You have made the decision. Maybe there is a problem that you have struggled with for a long time, and you are reaching a place where you realize it’s time to talk to somebody. You know you want to work through the issues and try to get these things addressed. Good for you! And now what? These days, there are so many choices when it comes to helping professionals. Among others, there are:

Holistic practitioners
Shamanic healers
Energy healers
Social workers

And this list just scratches the surface. If you are unsure what some of these people do, you’re not alone. The options are many and vast, and this makes it confusing. However, assuming you are not in crisis, it is worth taking the time to choose someone who is likely to be a good fit. Here are some steps to making a great choice:

1. Ask people you know for recommendations. This is not a fail-safe strategy! Everyone has different tastes and preferences and needs. Still, it is not a bad way to begin. Friends, neighbors, physicians, and teachers can be good people to ask.

2. Check with your insurance company. Mental health services are usually covered, though the coverage varies quite a bit from one policy to the next. It’s good to know who is in your network and what your benefits are in advance.

3. Browse the web for providers in your area.

4. Once you have a list of potential providers, find out where they are located. If you keep the travel time down, it will be more convenient and this translates into fewer cancelled appointments and likely a more successful therapeutic relationship.

5. Make preliminary phone calls and visit websites. Find out which providers are available during the hours that work for you. Ask about parking and access by bus or wheelchair, if applicable.

6. Eliminate those names of providers whose hours and locations are not right for you.

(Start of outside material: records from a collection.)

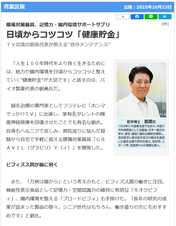 当社代表の劉勇がタウンニュース(青葉区版)にて紹介されました。 投稿日 2025年10月24日 著者 drjcadmin カテゴリー メディア 当社代表の劉勇がタウンニュース(青葉区版)にて紹介されました。 日頃からの「健康貯金」について語っております。 タウンニュース公式サイトはこちら。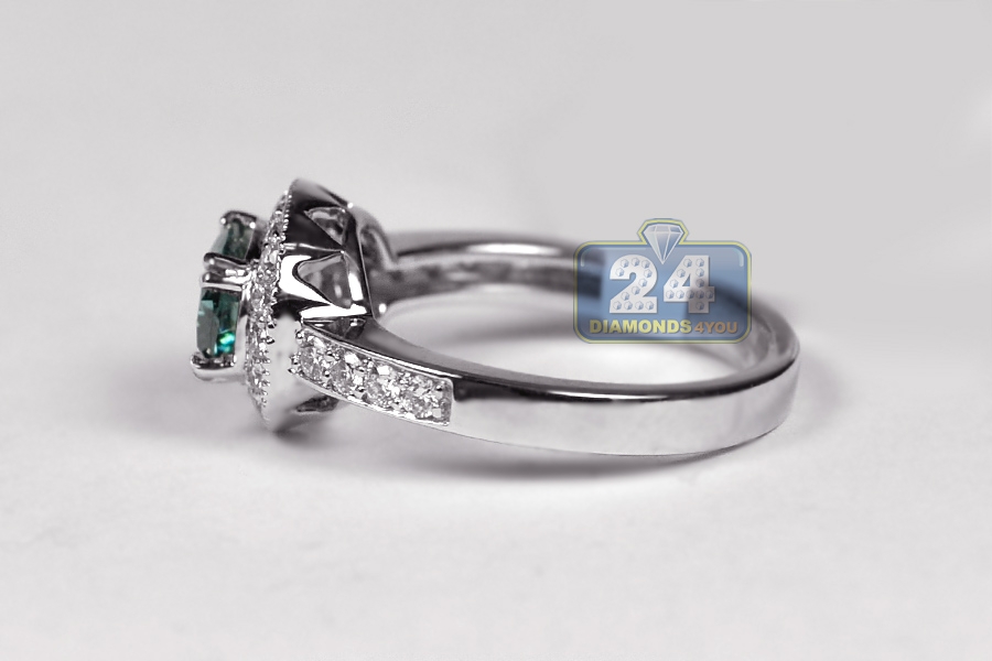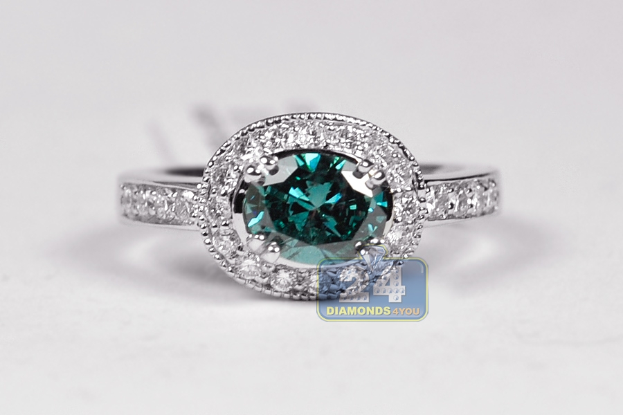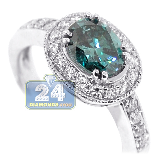 18K White Gold 2.88 ct Oval Blue Diamond Womens Engagement Ring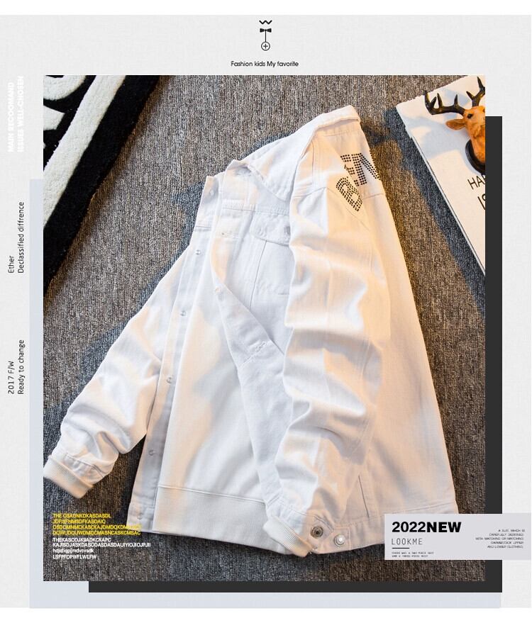 HPCP ダイヤモンド文字トレンディなブランドデニムジャケットメンズ春と秋のインターネットセレブと同じスタイルのメンズハンサムカジュアルジャケットトップ スプリング 春物 オータム 秋物 3381940477061427

7. Make more inquiries. Phone calls and emails can work; websites can provide much of the information you seek. Find out something about each provider’s background, education, licensure, and specializations. Consider what is important to you here... Did they go to grad school? Do they have credentials? Are they in a regulated profession? Perhaps these items make a difference to you, perhaps not.

8. If possible, speak directly with providers once you have narrowed it down. Ask about their approach. Listen carefully. Are you getting thoughtful answers or a sales pitch?

The bottom line: All types of providers may be helpful, especially if you are motivated and committed. Deciding to seek help is a huge step! You can make the most of this decision by doing a little extra homework before deciding on a provider. Getting help involves investments of finances and time, not to mention some emotional vulnerability. Being deliberate about this choice is well worth the effort, as the discussions you will share with that individual may have a significant influence on your life.